Problem details: Please take the lines from the one holding "Der Kellerraum vor" through the one holding "This is not" in the data below and copy them exactly.

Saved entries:

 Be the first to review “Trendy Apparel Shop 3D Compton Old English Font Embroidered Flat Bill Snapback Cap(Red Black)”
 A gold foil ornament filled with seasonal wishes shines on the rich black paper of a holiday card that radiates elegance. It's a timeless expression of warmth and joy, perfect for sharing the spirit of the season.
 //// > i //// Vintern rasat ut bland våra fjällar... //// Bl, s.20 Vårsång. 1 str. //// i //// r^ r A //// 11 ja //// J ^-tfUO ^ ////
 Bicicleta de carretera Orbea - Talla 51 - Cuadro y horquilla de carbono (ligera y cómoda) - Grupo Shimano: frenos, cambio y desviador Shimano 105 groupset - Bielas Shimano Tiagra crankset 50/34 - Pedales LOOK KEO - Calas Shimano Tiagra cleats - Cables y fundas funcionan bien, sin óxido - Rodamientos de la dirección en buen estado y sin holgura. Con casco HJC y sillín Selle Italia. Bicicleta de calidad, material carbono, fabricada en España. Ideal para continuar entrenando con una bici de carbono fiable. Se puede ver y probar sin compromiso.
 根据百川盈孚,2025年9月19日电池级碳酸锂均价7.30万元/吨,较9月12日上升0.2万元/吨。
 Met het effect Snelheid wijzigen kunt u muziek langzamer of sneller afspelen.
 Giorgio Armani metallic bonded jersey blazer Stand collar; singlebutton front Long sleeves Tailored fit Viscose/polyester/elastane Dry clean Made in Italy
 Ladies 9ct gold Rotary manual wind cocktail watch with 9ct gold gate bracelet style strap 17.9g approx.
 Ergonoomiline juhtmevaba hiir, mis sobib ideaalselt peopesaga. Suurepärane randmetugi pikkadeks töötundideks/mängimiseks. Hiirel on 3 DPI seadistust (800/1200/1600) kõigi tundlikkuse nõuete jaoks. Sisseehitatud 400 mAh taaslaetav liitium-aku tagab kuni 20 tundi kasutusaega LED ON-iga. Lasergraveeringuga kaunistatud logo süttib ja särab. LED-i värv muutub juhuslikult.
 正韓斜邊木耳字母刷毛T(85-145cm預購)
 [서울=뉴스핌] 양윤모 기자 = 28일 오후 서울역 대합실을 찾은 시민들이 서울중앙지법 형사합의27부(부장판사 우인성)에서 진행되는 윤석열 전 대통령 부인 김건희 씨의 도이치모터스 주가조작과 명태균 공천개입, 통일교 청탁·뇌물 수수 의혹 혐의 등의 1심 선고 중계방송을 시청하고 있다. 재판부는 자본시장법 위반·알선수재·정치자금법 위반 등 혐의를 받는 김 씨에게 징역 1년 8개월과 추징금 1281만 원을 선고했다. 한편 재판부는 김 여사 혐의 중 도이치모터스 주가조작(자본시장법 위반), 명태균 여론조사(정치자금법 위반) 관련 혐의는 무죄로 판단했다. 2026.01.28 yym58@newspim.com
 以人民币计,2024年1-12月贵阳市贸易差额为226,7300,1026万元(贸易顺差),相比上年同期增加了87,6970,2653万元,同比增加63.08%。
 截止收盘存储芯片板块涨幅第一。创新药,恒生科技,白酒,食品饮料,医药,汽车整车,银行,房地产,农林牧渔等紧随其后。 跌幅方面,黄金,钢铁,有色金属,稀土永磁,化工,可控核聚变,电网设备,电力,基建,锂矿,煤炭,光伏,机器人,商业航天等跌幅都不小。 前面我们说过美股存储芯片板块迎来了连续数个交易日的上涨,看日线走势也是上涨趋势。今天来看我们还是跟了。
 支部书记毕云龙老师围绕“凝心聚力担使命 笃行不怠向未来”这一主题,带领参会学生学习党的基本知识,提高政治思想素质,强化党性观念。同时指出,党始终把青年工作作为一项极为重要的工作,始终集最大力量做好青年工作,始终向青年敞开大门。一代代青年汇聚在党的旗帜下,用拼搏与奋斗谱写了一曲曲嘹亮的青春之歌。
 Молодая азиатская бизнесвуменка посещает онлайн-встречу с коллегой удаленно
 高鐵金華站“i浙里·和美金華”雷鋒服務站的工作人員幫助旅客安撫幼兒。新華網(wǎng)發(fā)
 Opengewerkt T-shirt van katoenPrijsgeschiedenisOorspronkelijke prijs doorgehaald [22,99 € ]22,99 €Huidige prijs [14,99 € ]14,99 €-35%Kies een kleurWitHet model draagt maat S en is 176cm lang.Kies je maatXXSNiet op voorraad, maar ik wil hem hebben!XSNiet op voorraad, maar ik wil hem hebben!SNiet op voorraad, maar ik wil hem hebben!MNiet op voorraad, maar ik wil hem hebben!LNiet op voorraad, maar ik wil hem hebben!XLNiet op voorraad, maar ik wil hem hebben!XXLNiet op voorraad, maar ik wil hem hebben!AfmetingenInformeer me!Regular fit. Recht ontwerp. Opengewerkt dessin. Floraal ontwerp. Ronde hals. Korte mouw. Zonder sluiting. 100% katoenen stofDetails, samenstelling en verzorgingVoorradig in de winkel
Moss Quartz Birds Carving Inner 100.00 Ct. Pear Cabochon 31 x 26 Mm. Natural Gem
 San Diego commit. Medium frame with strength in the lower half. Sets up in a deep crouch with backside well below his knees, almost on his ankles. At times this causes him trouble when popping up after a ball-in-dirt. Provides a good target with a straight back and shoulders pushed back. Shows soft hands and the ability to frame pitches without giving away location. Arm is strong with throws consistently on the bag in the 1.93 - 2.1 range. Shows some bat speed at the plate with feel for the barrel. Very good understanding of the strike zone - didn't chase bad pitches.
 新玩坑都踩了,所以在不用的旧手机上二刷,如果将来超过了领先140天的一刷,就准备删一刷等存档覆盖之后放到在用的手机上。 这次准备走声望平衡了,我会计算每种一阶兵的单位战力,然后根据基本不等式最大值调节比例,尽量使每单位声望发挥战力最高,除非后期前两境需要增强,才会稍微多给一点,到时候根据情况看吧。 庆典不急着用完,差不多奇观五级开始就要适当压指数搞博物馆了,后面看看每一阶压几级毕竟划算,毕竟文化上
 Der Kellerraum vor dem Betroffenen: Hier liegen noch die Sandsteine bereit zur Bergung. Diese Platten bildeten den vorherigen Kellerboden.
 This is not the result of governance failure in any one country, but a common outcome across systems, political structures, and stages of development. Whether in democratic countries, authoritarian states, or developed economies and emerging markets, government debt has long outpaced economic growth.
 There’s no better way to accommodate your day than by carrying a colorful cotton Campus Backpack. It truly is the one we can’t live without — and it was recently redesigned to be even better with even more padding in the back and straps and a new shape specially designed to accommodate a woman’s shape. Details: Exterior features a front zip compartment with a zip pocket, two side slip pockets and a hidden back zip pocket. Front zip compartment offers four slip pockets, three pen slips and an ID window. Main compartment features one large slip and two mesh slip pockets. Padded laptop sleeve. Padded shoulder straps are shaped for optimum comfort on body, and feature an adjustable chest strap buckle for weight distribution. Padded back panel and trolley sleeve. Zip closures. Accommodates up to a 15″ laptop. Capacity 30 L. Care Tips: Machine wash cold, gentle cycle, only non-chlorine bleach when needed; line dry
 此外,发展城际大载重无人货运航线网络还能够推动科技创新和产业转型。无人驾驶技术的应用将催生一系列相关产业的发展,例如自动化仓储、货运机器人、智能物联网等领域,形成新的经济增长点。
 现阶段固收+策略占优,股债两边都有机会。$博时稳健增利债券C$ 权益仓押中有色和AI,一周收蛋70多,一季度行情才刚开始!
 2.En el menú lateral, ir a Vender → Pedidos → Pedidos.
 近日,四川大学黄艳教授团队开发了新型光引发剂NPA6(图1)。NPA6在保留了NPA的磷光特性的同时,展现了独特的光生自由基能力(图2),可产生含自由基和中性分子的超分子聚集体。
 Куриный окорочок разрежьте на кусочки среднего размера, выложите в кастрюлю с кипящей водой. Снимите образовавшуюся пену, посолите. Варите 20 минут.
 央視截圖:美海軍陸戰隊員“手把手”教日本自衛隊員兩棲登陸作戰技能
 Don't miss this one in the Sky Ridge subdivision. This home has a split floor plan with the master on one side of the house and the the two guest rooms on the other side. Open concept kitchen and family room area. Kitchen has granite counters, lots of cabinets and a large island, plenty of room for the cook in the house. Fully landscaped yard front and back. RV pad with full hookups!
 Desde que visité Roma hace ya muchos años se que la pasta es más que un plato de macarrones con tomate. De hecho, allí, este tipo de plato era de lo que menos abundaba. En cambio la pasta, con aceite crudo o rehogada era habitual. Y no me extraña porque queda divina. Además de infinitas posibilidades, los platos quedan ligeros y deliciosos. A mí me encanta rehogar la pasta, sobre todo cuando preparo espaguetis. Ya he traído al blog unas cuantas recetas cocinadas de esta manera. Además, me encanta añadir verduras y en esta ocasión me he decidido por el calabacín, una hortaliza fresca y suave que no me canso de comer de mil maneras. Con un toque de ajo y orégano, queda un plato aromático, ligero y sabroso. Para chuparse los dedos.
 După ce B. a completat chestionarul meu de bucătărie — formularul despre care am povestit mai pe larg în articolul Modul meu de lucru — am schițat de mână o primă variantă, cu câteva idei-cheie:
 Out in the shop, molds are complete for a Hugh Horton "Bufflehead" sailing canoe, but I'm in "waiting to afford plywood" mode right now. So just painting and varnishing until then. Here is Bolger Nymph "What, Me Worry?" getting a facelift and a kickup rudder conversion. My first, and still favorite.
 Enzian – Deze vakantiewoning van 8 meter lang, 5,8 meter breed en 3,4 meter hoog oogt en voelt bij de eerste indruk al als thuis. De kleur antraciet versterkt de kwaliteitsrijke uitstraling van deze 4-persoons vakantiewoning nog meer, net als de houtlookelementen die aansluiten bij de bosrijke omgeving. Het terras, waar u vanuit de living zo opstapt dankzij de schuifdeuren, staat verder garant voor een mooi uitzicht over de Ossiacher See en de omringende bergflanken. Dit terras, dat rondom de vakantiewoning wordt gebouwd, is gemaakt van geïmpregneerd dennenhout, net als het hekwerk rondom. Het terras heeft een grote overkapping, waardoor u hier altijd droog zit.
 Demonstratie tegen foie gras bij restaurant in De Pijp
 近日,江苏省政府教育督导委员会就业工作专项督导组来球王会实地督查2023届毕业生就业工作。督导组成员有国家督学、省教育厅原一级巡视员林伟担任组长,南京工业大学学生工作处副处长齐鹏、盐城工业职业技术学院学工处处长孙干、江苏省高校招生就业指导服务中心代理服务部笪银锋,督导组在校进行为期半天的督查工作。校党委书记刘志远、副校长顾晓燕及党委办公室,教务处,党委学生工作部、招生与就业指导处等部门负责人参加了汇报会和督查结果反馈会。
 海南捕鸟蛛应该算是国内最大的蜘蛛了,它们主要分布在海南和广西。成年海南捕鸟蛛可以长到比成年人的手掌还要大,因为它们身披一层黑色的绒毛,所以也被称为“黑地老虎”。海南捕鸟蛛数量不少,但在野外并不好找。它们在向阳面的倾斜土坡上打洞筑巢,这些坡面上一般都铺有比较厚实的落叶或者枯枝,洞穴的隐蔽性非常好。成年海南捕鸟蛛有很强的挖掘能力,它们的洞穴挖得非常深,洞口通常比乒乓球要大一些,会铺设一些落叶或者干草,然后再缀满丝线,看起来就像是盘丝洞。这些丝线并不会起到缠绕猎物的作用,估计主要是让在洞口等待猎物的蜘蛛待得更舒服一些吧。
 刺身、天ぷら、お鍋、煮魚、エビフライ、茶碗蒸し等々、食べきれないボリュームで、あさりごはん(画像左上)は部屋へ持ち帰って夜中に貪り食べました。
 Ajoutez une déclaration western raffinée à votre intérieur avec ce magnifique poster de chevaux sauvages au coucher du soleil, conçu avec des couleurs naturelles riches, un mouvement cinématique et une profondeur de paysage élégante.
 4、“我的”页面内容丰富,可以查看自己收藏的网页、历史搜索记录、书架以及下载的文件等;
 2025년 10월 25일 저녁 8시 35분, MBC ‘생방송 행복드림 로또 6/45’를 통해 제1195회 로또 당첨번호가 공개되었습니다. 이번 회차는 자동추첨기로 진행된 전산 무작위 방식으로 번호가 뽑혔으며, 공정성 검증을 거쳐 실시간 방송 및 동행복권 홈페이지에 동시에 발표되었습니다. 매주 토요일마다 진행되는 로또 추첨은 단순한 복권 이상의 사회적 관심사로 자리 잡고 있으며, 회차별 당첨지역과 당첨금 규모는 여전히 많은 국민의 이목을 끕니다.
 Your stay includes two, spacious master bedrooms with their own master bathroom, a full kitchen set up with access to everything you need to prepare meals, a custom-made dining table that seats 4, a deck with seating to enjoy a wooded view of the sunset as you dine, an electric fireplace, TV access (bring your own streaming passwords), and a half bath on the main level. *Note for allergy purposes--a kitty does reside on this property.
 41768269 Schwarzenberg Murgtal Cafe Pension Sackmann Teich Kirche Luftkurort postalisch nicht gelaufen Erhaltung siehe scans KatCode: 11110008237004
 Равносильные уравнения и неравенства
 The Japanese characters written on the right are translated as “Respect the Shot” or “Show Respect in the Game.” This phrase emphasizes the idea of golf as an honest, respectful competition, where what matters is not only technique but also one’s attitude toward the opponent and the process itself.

Response area:
 Der Kellerraum vor dem Betroffenen: Hier liegen noch die Sandsteine bereit zur Bergung. Diese Platten bildeten den vorherigen Kellerboden.
 This is not the result of governance failure in any one country, but a common outcome across systems, political structures, and stages of development. Whether in democratic countries, authoritarian states, or developed economies and emerging markets, government debt has long outpaced economic growth.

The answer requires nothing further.